Carney: Bank of England could cut interest rates to zero, but not below

Mark Carney, the Bank’s governor, said Threadneedle Street had “no intention and no interest” in implementing negative interest rates and would adopt the full range of the Bank’s other powers to deal with a downturn in the economy.

The Guardian reported that he said: “If we were in a position where the economy needed additional stimulus … we could cut interest rates towards zero. We could engage in additional asset purchases, including a variety of assets.

“We could also provide a perspective where we could adjust our policy horizon – in other words we could shorten our policy horizon over which we wanted to return inflation to target.”

Carney, who was responding to questions from MPs on the Treasury select committee, said the world economy had entered a period of low growth and low interest rates and was likely to be prone to financial shocks.

He added that Threadneedle Street might need to respond with additional stimulus measures, but to protect the profitability of the UK’s banks and building societies, the monetary policy committee (MPC) would avoid cutting from the current base rate of 0.5% to below zero.

The message that negative interest rates would be a last resort comes before an expected push by the European Central Bank to deploy the measure on a bigger scale at its next meeting to increase lending and growth in the eurozone.

Carney said negative rates in the UK would damage building societies, which would find it difficult to make a profit on mortgage lending if they were forced to pay an interest rate on funds deposited at the Bank of England.

The aim of negative interest rates, which effectively puts a charge on savers depositing funds, is to discourage commercial banks from leaving cash on deposit with Threadneedle Street and lend it to businesses and consumers instead.

Some central banks have also pushed rates below zero to discourage foreign investors from depositing funds and putting pressure on the exchange rate. Sweden and Denmark did so to drive down the value of their currencies to maintain parity with the euro.

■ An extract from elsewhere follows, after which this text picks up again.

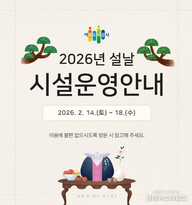 (중앙뉴스타임스 = 방재영 기자) 여주도시공사가 다가오는 2026년 설 연휴를 맞아 시민과 귀성객들이 안전하고 편안한 명절을 보낼 수 있도록 주요 시설 운영시간 조정 및 특별 서비스를 시행한다고 13일 밝혔다.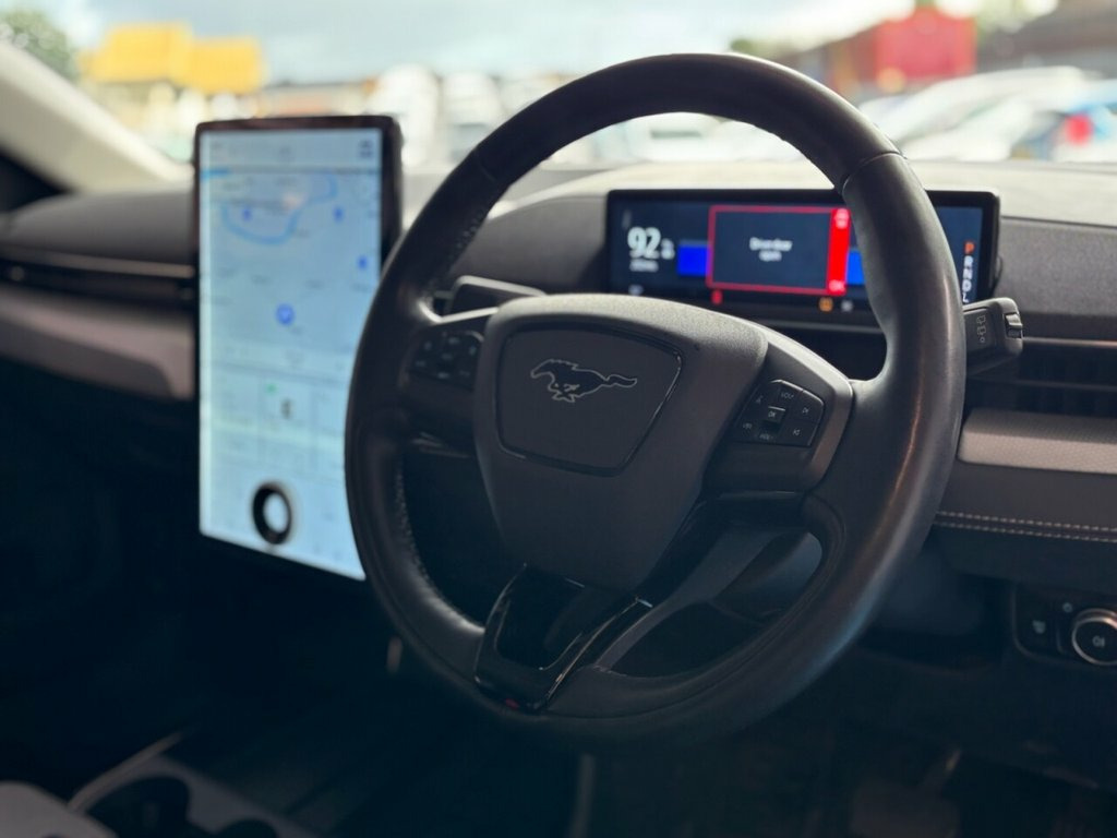 1 OWNER FROM NEW+2 CABLES+NAV+FULL LEATHER SEATS+PARK CONTROL+DAB+PRIVACY+CLIMATE+BLUETOOTH+MEDIA+19" ALLOYS+USB+AUX+CRUISE+HEATED FRONT SEATS+HPI CLEAR+VOSA MOT HISTORY,+SH+FULL DEALER FACILITIES+GOOD MPG,+RAC CHECKED+The car is in very good condition in and out . Bodywork and interior clean for age and mileage . Interior is clean and tyres good ,Engine and gearbox in good order. This 2021 Ford Mustang Mach E Standard Range has had only one owner, offering a pristine example of this popular electric vehicle. With a total battery capacity of 76 kWh, it boasts a maximum range of 273 miles when new, making it ideal for both daily commutes and longer journeys. Charging at home using a 7kW charger takes approximately 11 hours and 24 minutes for a full charge, while rapid public charging can replenish the battery from empty to 80% in as little as 43 minutes. This particular model comes with an MOT valid until August 2026, providing peace of mind for the new owner. Further enhancing the driving experience are several notable features designed for convenience and safety. These include BLIS Blind Spot Information System with Cross Traffic Alert and Blind Spot Assistance, a heated steering wheel for comfort on colder days, and a rear view camera for easier parking. The E Latch Keyless Entry System, complete with B Pillar Keypad Access, offers seamless entry and security. Inside, you'll find heated driver and passenger seats, ensuring a comfortable ride for everyone. These 10.2in Full Digital Cluster and 15.5in C, 18in Alloy Wheels - 5-Spoke - Silver, 6-Way Manual Driver and Passenger Seats, ABS - Anti-lock Braking System, Adaptive Cruise Control with Stop and Go, Air Conditioning - Dual Zone Electronic , Airbags - Driver and Front Passenger, Applink Remote Control System, BLIS - Blind Spot Information System wit, Body Colour Bumpers, Body Colour Heated Mirrors with Puddle L, Brace Front Grille Design, E-Latch Keyless Entry System including B, Electric Windows - Front, FordPass Connect Embedded Modem, Front and Rear Parking Sensors, Front Trunk, Heated Driver and Passenger Seats, Heated Steering Wheel, High Power Charging Cable, Home Charging Cable, Lane Keepi

Japan cut its rates to to depress the value of the yen.

Carney said building societies would find it difficult to make money in a negative interest rate environment.

“We take very seriously the potentially counter-productive impact on the building society sector and the financial sector more broadly.”

He said in Switzerland, mortgage rates have gone up despite the country’s central bank setting negative interest rates. “So it is not clear that the domestic transmission mechanism has been effective,” he noted.

Deputy governor Minouche Shafik said she was sceptical that negative interest rates were passed on by banks to the benefit of customers.

“What we observe from that experience is that the effect is passed on to lower money market rates, but what we don’t see is that it gets passed on to deposit rates,” she said.